Genève autorise la manifestation No-G7 malgré les craintes
Le Conseil d’État genevois autorise la manifestation No-G7 du 14 juin. Contrôles renforcés aux frontières, aide de 6 millions aux entreprises et restrictions d’événements: les autorités détaillent les principales mesures.
À un mois du sommet du G7 à Évian, le Conseil d’État genevois a tranché: la manifestation No-G7 du 14 juin est autorisée. Une décision sensible, prise malgré les inquiétudes des milieux économiques et le souvenir encore vif des violences de 2003. Le cortège se déroulera en rive droite, sous conditions. Son parcours exact reste à définir. «Les discussions se poursuivent», indiquent les autorités, qui conditionnent l’autorisation à un accord avec les organisateurs.
«La rive droite s’impose en raison de sites symboliques sensibles sur la rive gauche, de l’arrivée des manifestants par la gare Cornavin et de la dimension internationale qui pourrait dépasser les 10’000 manifestants», explique Carole-Anne Kast, conseillère d’État.
Pour les autorités, autoriser la manifestation permet aussi un meilleur encadrement. «Une manifestation autorisée suit un parcours défini à l’avance, ce qui permet de mieux canaliser la foule, identifier plus facilement les éléments perturbateurs et éviter des cortèges sauvages», souligne la commandante de la police cantonale, Monica Bonfanti.
Une aide de 6 millions en cas de dégâts
Anticipant d’éventuels débordements, le gouvernement a adopté un projet de loi prévoyant une aide financière extraordinaire de 6 millions de francs pour les entreprises touchées.
Ce dispositif, qui doit encore être validé par le Grand Conseil, couvrira les dommages matériels: vitrines, façades, locaux commerciaux, équipements ou marchandises. L’État interviendra de manière subsidiaire aux assurances privées.

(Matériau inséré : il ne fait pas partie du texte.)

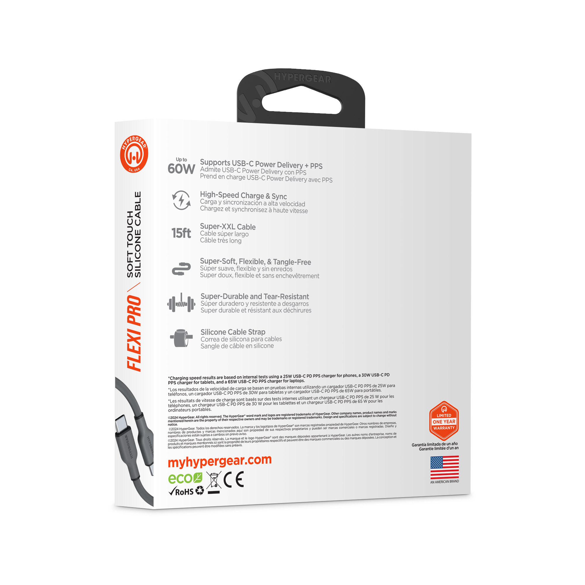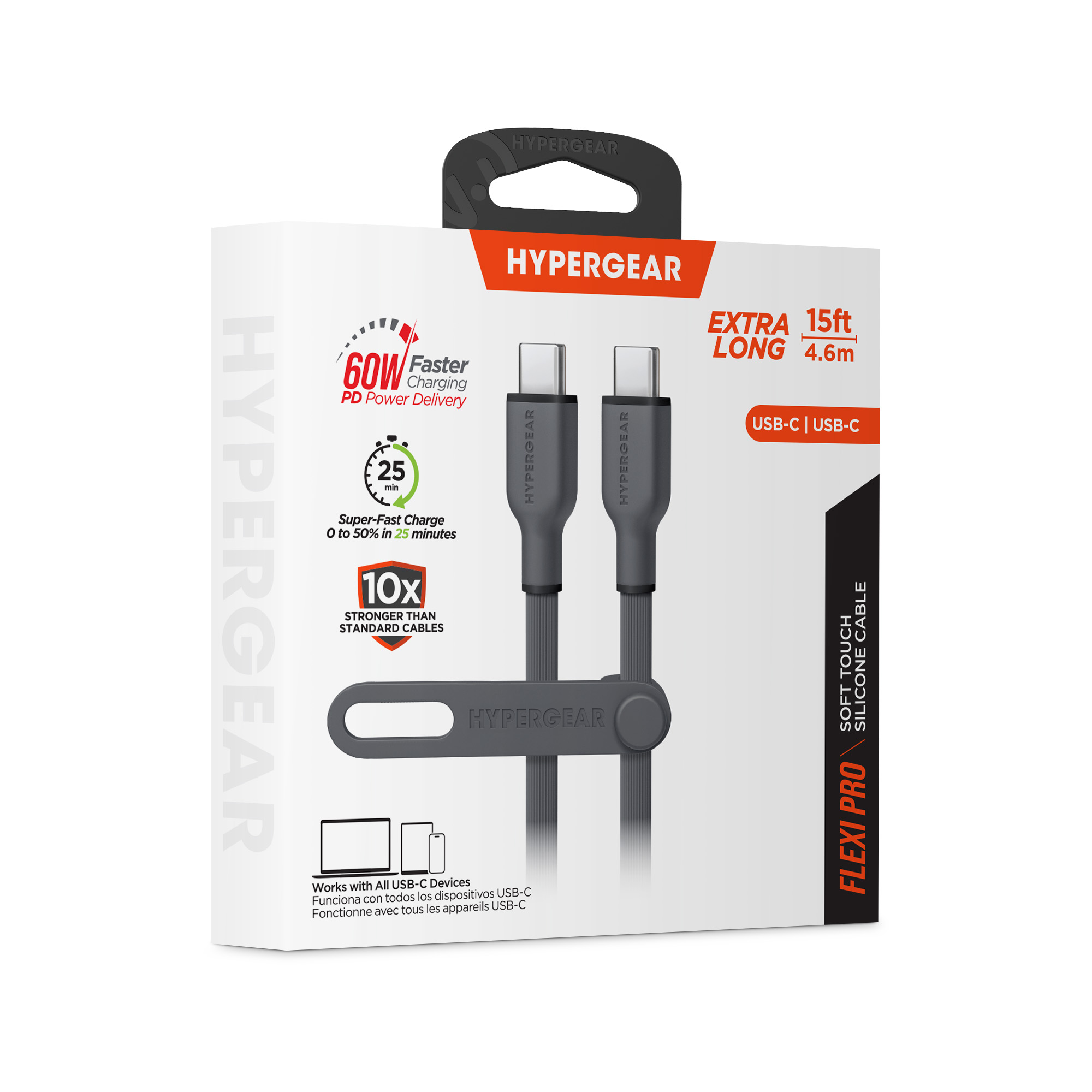 Its time for a charging upgrade. Super-soft and super-bendy, our Flexi Pro cables flow where you take them and stay where you want them no more twists, kinks, and tangles. The super-durable and tear-resistant exterior is 10x stronger than standard cables while being oh-so-soft to the touch, and it comes with a silicone cable strap for on-the-go convenience. Universally compatible with all USB-C devices from phones to laptops, and Power Delivery-enabled so you can super-fast charge your iPhone 15 or Android phone from 0 to 50% in just 25 minutes.
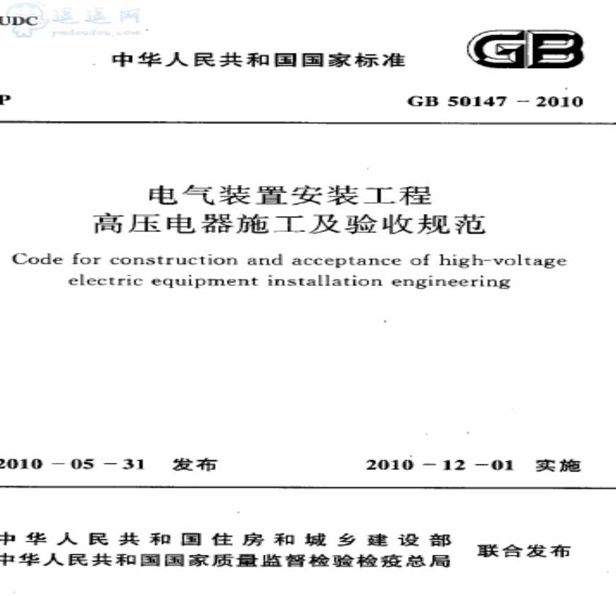 GB50147-2010《电气装置安装工程高压电器施工及验收规范》GB50147-2010资料下载,喜欢的朋友可以下载收藏!
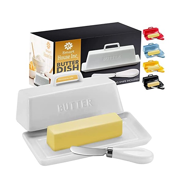 - BEAUTY AND BRAWN - Smart House Inc Butter Dish features contemporary design and premium ceramic construction, which creates a sturdy and beautiful decoration on any countertop
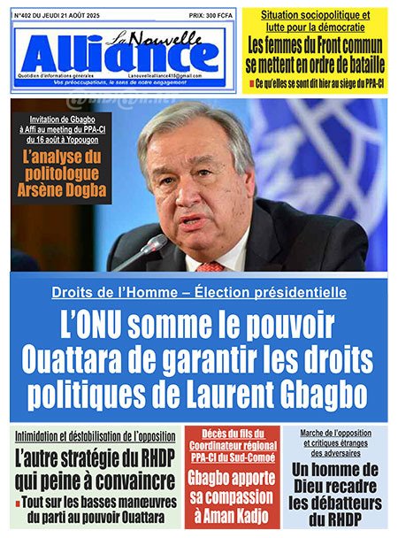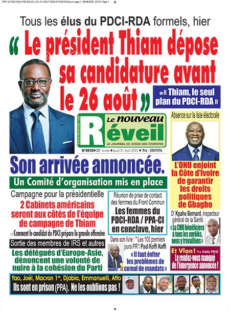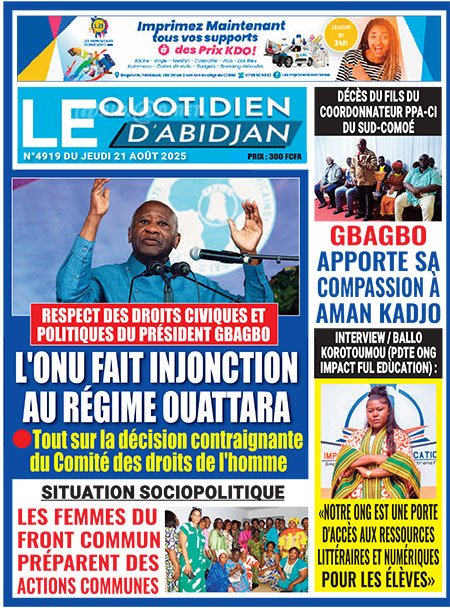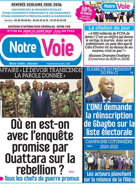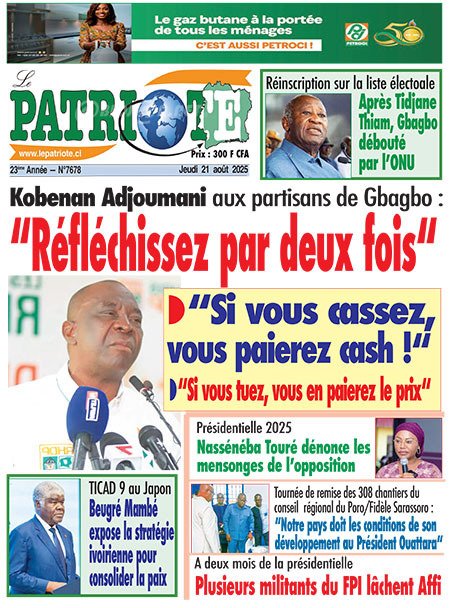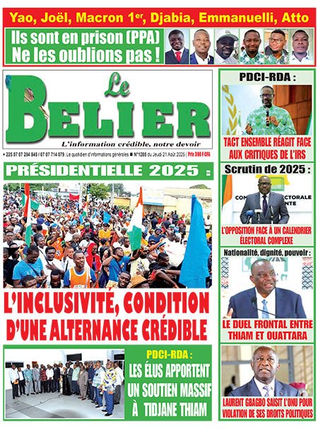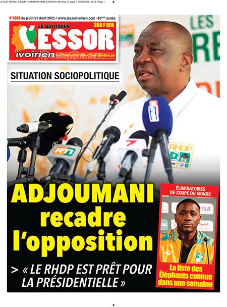Publié le jeudi 21 août 2025 | L’Essor Ivoirien Titrologie de L’Essor Ivoirien N°1800 du jeudi 21 août 2025 Acheter cette parution Acheter cette parution du même jour Réagir à la une
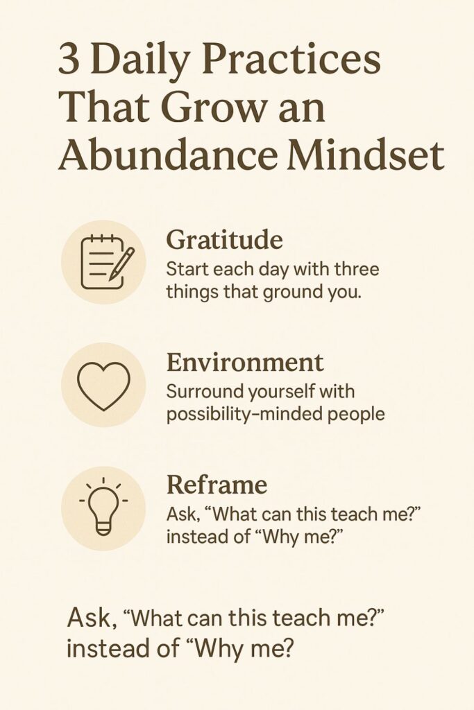 Developing an abundance mindset entails consciously being grateful for all you have. Better to be with people who have an abundance mindset too! Several studies show that the people we spend time with highly influence how we think and act. Also, practice reframing challenges into learning opportunities. So your mentality shifts from “I have a problem” to “How can I learn or grow from this?”
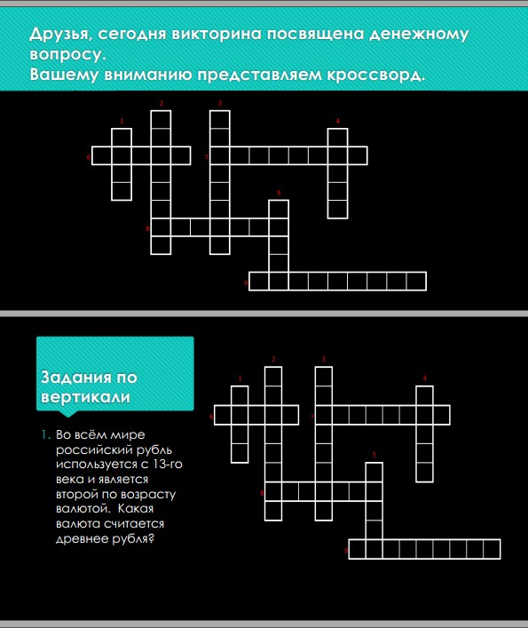 А что насчет изучения истории отечественной валюты – рубля – в игровой форме? Соответствующий кроссворд подготовил еще один ученик школы № 656, третьеклассник Захар Филиппов.

Le Conseil d’État entend par ailleurs solliciter la France pour qu’elle «assume sa part» et demandera le remboursement des montants engagés, en coordination avec la Confédération.
«Contrairement à 2003, l’idée est d’avoir un dispositif prêt à être utilisé dès que des déprédations sont commises. Le Conseil d’État comprend les traumatismes de 2003 qui ont marqué les commerces et entreprises», relève la conseillère d’État Delphine Bachmann.
Frontières sous tension
Du 11 au 18 juin, les contrôles aux frontières seront renforcés, avec des ralentissements attendus aux points de passage.
Pour limiter l’impact sur certains secteurs, un système de macarons sera mis en place. Il permettra de faciliter les déplacements du personnel essentiel, notamment dans la santé, la sécurité ou les infrastructures critiques comme les TPG, les SIG ou l’aéroport.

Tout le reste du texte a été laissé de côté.